▸ **About this task**: Copy exactly the lines starting at the one that contains "ODVETNIŠKA DEJAVNOST –" and running through the end of the material below. Exclude any pictures.
◇ ◇ ◇ ◇ ◇
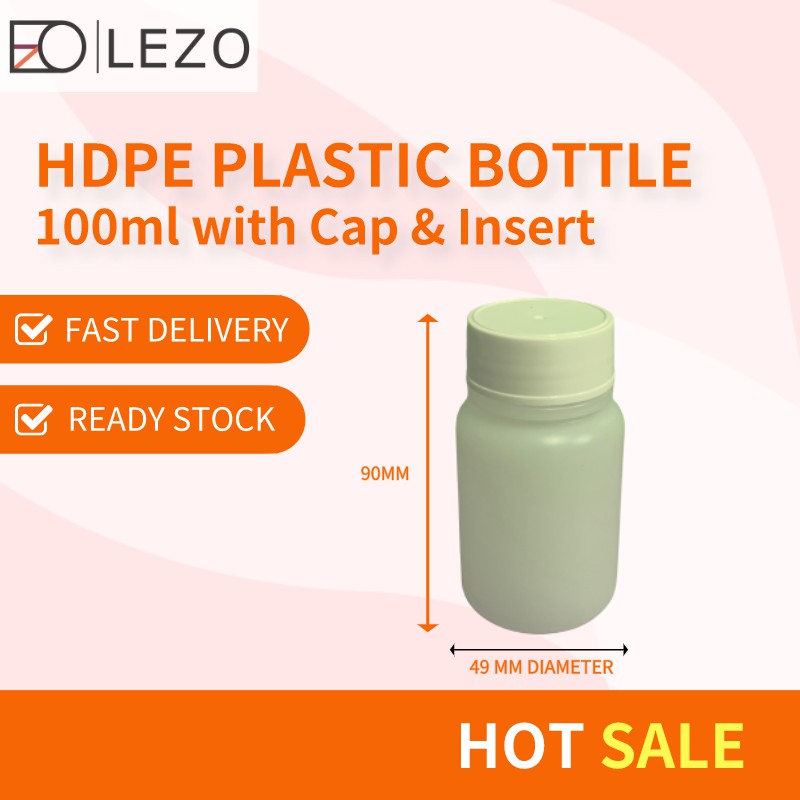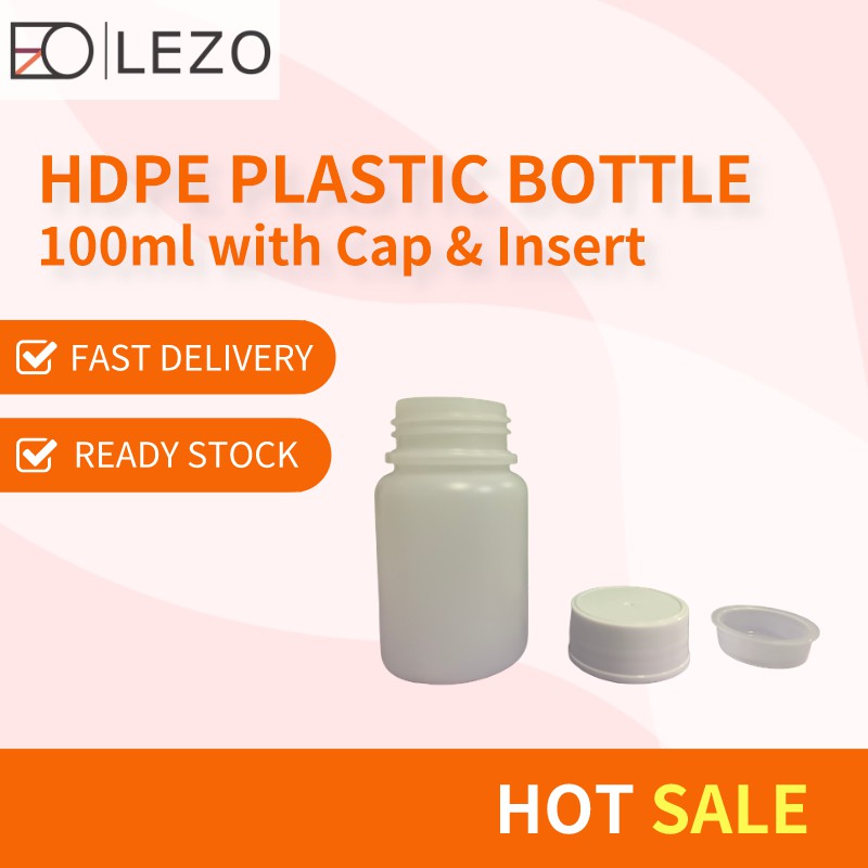 10 pcs of HDPE Round Plastic Bottle/ Botol Plastik HDPE/ TABLET BOTTLE 100ml (Bottle + Cap + Insert)
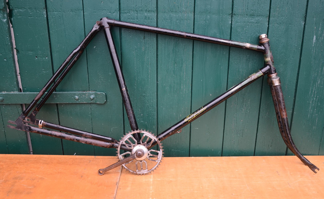 Herrenradrahmen "Torpedo", 28 Zoll, 50er Jahre, Rahmennummer 1020XXX, Rahmenhöhe 55 cm, incl. Gabel und Tretlager. Ideal zum Aufbau eines Fahrradklassikers nach eigenen Wünschen.
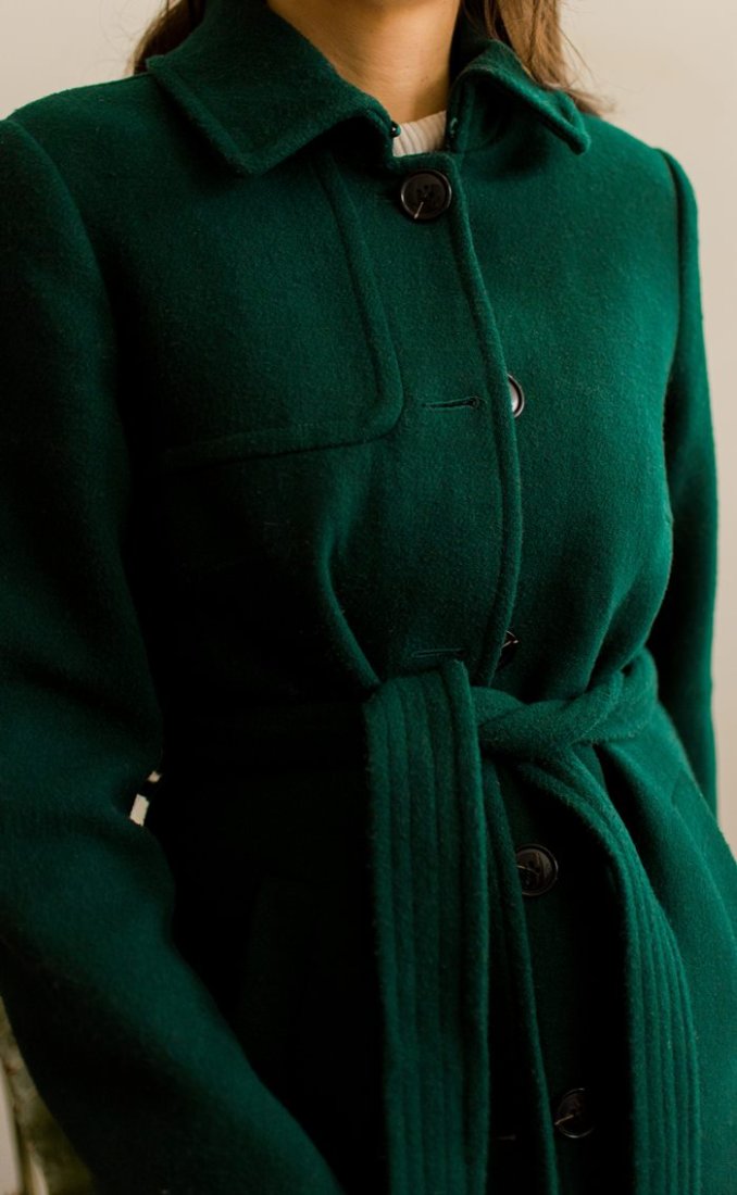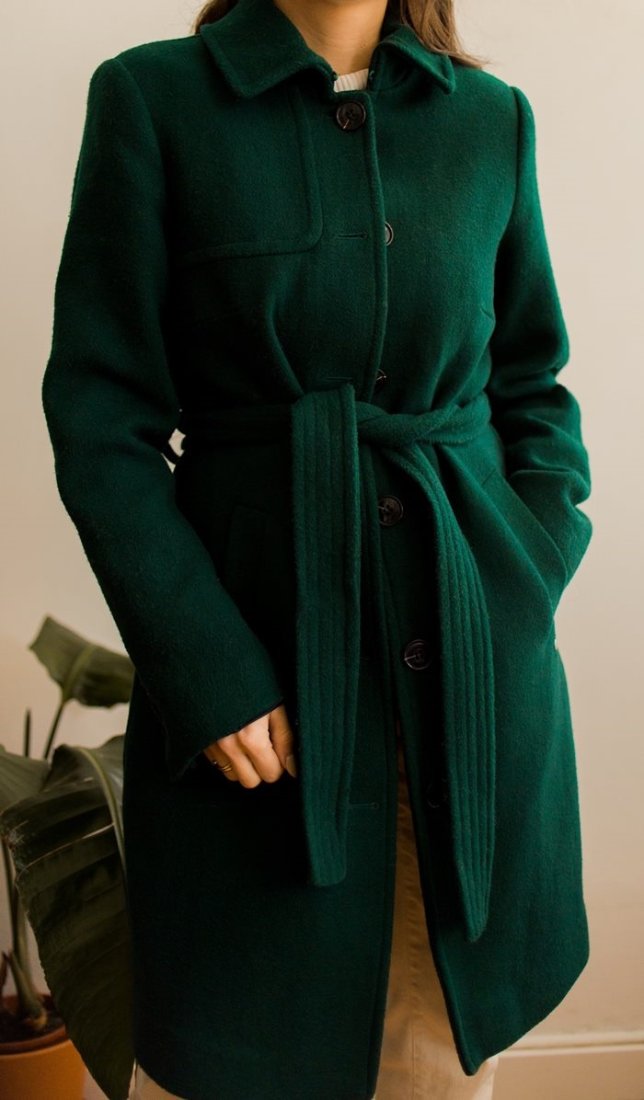 Butelkowy płaszcz z domieszką wełny.
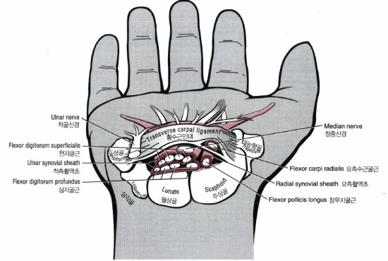 정중신경(Mediannerve)도 운동신경+감각신경이 섞여 있는 신경입니다.
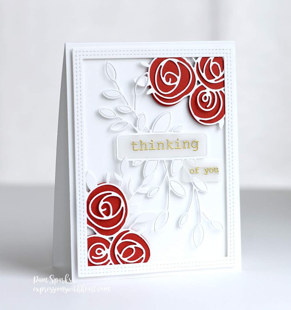Hi everyone! It’s snowing here… not a lot but enough to brighten it up which is so nice!  This white card makes me think of snow too!  I love how this turned out… beautiful new Memory Box Scribble Rose Trio die combined with an earlier release Antique Leaf Label.  So pretty!
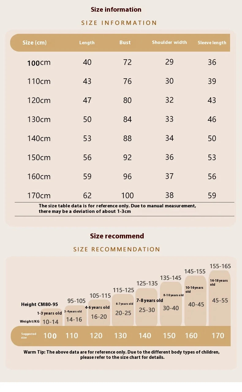 size_info: {"sizeInfoList":[{"length":{"cm":"40","inch":"15.75"},"size":"100cm","vid":-1},{"length":{"cm":"43","inch":"16.93"},"size":"110cm","vid":-2},{"length":{"cm":"47","inch":"18.50"},"size":"120cm","vid":-3},{"length":{"cm":"50","inch":"19.69"},"size":"130cm","vid":-4},{"length":{"cm":"53","inch":"20.87"},"size":"140cm","vid":-5},{"length":{"cm":"56","inch":"22.05"},"size":"150cm","vid":-6},{"length":{"cm":"59","inch":"23.23"},"size":"160cm","vid":-7},{"length":{"cm":"62","inch":"24.41"},"size":"170cm","vid":-8}]}
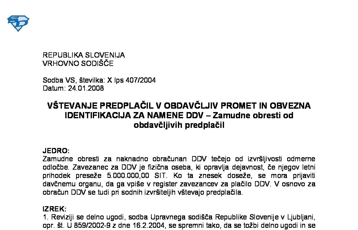 ODVETNIŠKA DEJAVNOST – Brezplačno zastopanje strank v postopkih pred sodišči – Obdavčitev prejetih povračil stroškov postopka (X Ips 8/2017) 13.09.2023 14.02.2024
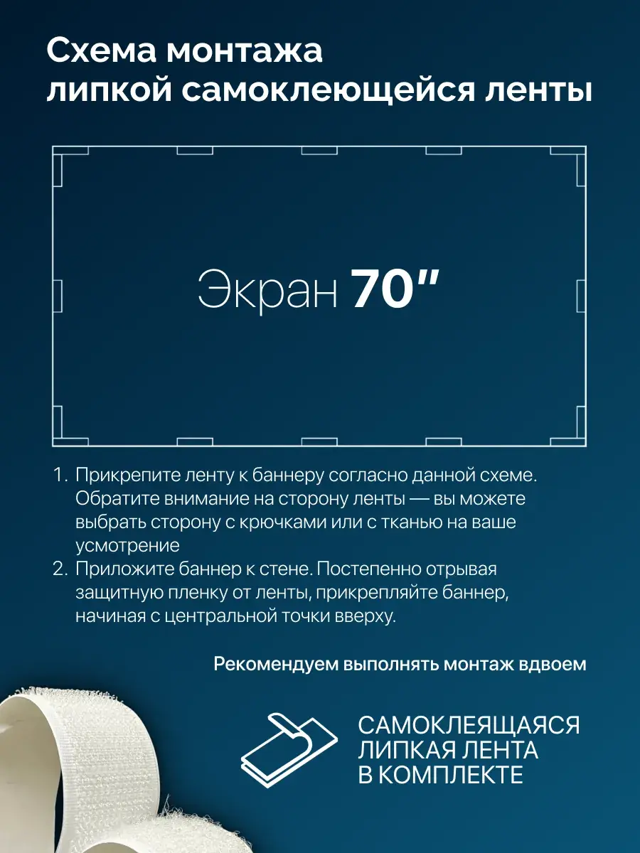 Рекомендации по монтажу экрана с помощью липкой самоклеющейся ленты (в комплекте):
◇ ◇ ◇ ◇ ◇
▸ **Expected answer**:
 ODVETNIŠKA DEJAVNOST – Brezplačno zastopanje strank v postopkih pred sodišči – Obdavčitev prejetih povračil stroškov postopka (X Ips 8/2017) 13.09.2023 14.02.2024
 Рекомендации по монтажу экрана с помощью липкой самоклеющейся ленты (в комплекте):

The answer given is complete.